Follet patted Raqi on the shoulder. ‘Bear up, Javid; we’ll get you out of this jam somehow.’ He sat next to him and began to talk to him quietly.

Tozier mumbled to someone on the telephone. At last he put it down and crossed the room with a paper in his hand. ‘This man wants to know who’s been ordering these chemicals—especially in quantity. He wants to know where they were despatched to. He also wants to know of any transactions concerning a man called…’ He peered at the
paper. ‘…Speering. That’s it.’ He rubbed the side of his jaw. ‘I screwed him up to forty thousand but he wouldn’t go higher for the information.’

‘Why does he want it?’ asked Warren.

‘I reckon he’s in industrial espionage.’

Follet took the sheet of paper. ‘Who cares why he wants it so long as Javid can deliver?’ He gave the paper to Raqi. ‘Can you get that stuff?’

Raqi wiped his eyes and looked carefully. He nodded, and whispered, ‘I think so. All this is in the stock ledgers.’

‘But the guy will only go to forty thousand, damn him,’ said Follet. ‘For crying out loud, I’m game to help make up the difference.’

‘Count me out on that,’ said Tozier grimly. ‘I’ve done my bit.’

‘Nick?’

‘All right, Johnny; we’ll split it between us.’ Warren sorted out five thousand rials from the money on the table and passed it to Follet.

‘There, you see, Javid; we’ve got ten thousand here.
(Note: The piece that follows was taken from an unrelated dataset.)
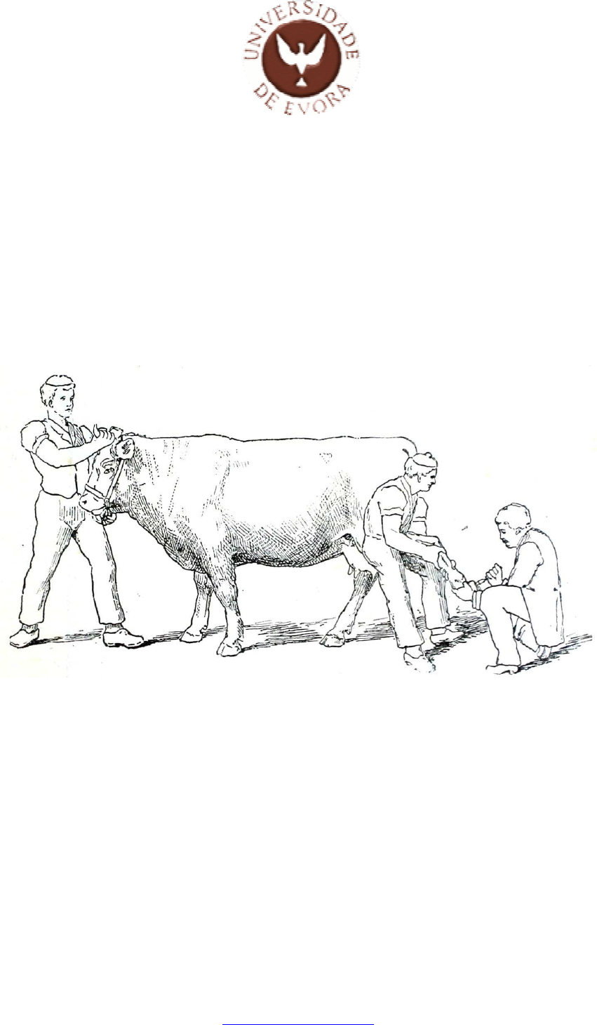 I CURSO DE PODOLOGIA BOVINA DA UNIVERSIDADE DE ÉVORA 5, 6 e 7 de Maio de 2006 HOSPITAL VETERINÁRIO DA UNIVERSIDADE DE ÉVORA ANATOMIA DA EXTREMIDADE DISTAL DOS BOVINOS RICARDO ROMÃO Departamento de Zootecnia Pólo da Mitra – Apartado 94, 7000-093 Évora rjromao@uevora.pt (Lagny et Gobert, 1902) Anatomia da extremidade distal dos bovinos I CURSO DE PODOLOGIA BOVINA DA UNIVERSIDADE DE ÉVORA ©RR MAIO 2006 1 ÍNDICE 1. Introdução.......................................................................................... 2 2. Nomenclatura exterior.......................................................................... 2 3. Osteologia .......................................................................................... 4 3.1. Metacarpo/metatarso........................................................................ 4 3.2. Dedo .............................................................................................. 5 3.2.1. Falange proximal ....................................................................... 5 3.2.2. Falange intermédia .................................................................... 5 3.2.3. Falange distal............................................................................ 5 3.2.4. Ossos sesamóides ..................................................................... 6 4. Articulações ........................................................................................ 7 5. Músculos ...........................................................................................11 6. Tegumento comum.............................................................................18 6.1. Casco ............................................................................................18 6.2. Derme ...........................................................................................19 6.3. Toro ungular...................................................................................20 7. Vascularização ...................................................................................21 7.1. Artérias..........................................................................................21 7.1.1. Membro torácico.......................................................................21 7.1.2. Membro pélvico ........................................................................22 7.2. Veias .............................................................................................23 7.2.1. Membro torácico.......................................................................23 7.2.2. Membro pélvico ........................................................................23 7.3. Linfáticos .......................................................................................24 8. Inervação ..........................................................................................25 8.1. Membro torácico .............................................................................25 8.2. Membro pélvico...............................................................................25 9. Bibliografia ........................................................................................27 Anatomia da extremidade distal dos bovinos I CURSO DE PODOLOGIA BOVINA DA UNIVERSIDADE DE ÉVORA ©RR MAIO 2006 2 1. Introdução O presente texto serve de apoio ao curso prático de podologia bovina e, por essa razão encontra-se estruturado essencialmente para uma sistematização da respectiva nomenclatura anatómica pelo que, para aprofundamento de alguns assuntos mais específicos, se recomenda uma leitura detalhada dos textos indicados na bibliografia. Abordaremos sobretudo a anatomia que interessa mais ao autopódio pelo que serão referidas essencialmente as estruturas anatómicas desta região ou, se extrínsecas, que terminem na mesma. No âmbito da podologia bovina muitas vezes são utilizados termos que descrevem o exterior pelo que serão muito sucintamente referidos antes dos demais. Os bovinos incluem-se na Ordem Artiodactila formada pelos ungulados que apresentam número par de dedos, que assentam no solo por intermédio de uma úngula ou casco. 2. Nomenclatura exterior Quer se trate do membro torácico quer do membro pélvico as porções distais quer ao carpo quer ao tarso possuem uma estrutura semelhante pelo que se utilizam as mesmas designações nas duas extremidades (Figura 1). CANELA: tem por base óssea o metacarpo ou o metatarso, designando-se por tendão a porção caudal onde passam os tendões dos músculos flexores dos dedos. A canela do membro anterior é mais curta que a do membro posterior. BOLETO: continua a canela. A face anterior chama-se dobra ou prega e a face posterior tem duas pequenas unhas correspondentes aos vestígios de dedos rudimentares (Figura 3 e 4). QUARTELA, TRAVADOURO ou MIUDO: está no prolongamento do boleto. Na face posterior situa-se a prega ou dobra da Figura 1: Regiões comuns dos membros nos bovinos. canela boleto quartela coroa unha ou casco Anatomia da extremidade distal dos bovinos I CURSO DE PODOLOGIA BOVINA DA UNIVERSIDADE DE ÉVORA ©RR MAIO 2006 3 quartela. Nos bovídeos é curta e grossa. COROA: Separa a quartela das unhas, sendo dupla em cada membro. UNHAS: Estes animais são ungulados, apresentando duas unhas ou úngulas principais em cada membro. Existem ainda em cada membro duas unhas rudimentares que se projectam caudalmente a nível da articulação metacarpo(metatarso)-falângica e que normalmente não chegam a alcançar o solo (Figura 3 e 3’). As unhas principais podem ser pretas, brancas, vermelhas ou castanhas; nos animais malhados têm por vezes mais que uma cor (Figura 3) A porção anterior designa-se por pinça e a porção posterior por talão. São formadas por três regiões: Taipa, parede, cinta ou muralha – forma a parede da unha, convexa abaxialmente e ligeiramente côncava axialmente. Palma ou sola – a face que assenta no solo (Figura 2). Ranilha, arnilha,

All you have to do to get the other forty thousand is to go back to the office. You have the key?’

Raqi nodded, and allowed Follet to help him to his feet. ‘It will take time,’ he said.

‘Half an hour. That’s all it took to loot the safe this afternoon,’ said Tozier brutally.

Follet saw Raqi to the door and closed it gently. He turned, and said, ‘We’re nearly there. There’s just one thing more to be done.’

Warren sighed. ‘It can’t be any dirtier than what we’ve done already. What is it?’

‘You’re not concerned in it, so rest easy,’ said Follet. ‘Now, all we have to do is wait. I’m going to see Ben—I’ll be back in ten minutes.’

It seemed, to Warren, an eternity before Raqi returned. The minutes ticked by and he contemplated the sort of man he was becoming under the stress of this crazy adventure. Not only was he guilty of blackmailing Follet, but he had assisted in the corruption of a young man who had hitherto been blameless. It was all right for Follet to preach that you can’t cheat an honest man; the men who offer the thirty pieces of silver are just as guilty as he who accepts them.

Again there was the expected knock at the door and Follet went to open it. Raqi had pulled himself together a little and did not seem so woebegone; there was more colour in his cheeks and he did not droop as he had when he left.

Follet said, ‘Well, kid; did you get it?’

Raqi nodded. ‘I took it from the ledgers in English—I thought that would help.’

‘It surely would,’ said Follet, who had forgotten that problem. ‘Let me have it,’

Raqi gave him three sheets of paper which he passed to Tozier. ‘You’ll see it gets to the right place, Andy.’ Tozier nodded, and Follet gave Raqi a bundle of money. ‘There’s your fifty thousand, Javid. You’d better put it back in the safe real fast.’

Raqi was just putting the money into his pocket when the door burst open. A man stood there, his face concealed by a scarf, and holding an automatic pistol. ‘Stay still, everyone,’ he said indistinctly. ‘And you won’t get hurt.’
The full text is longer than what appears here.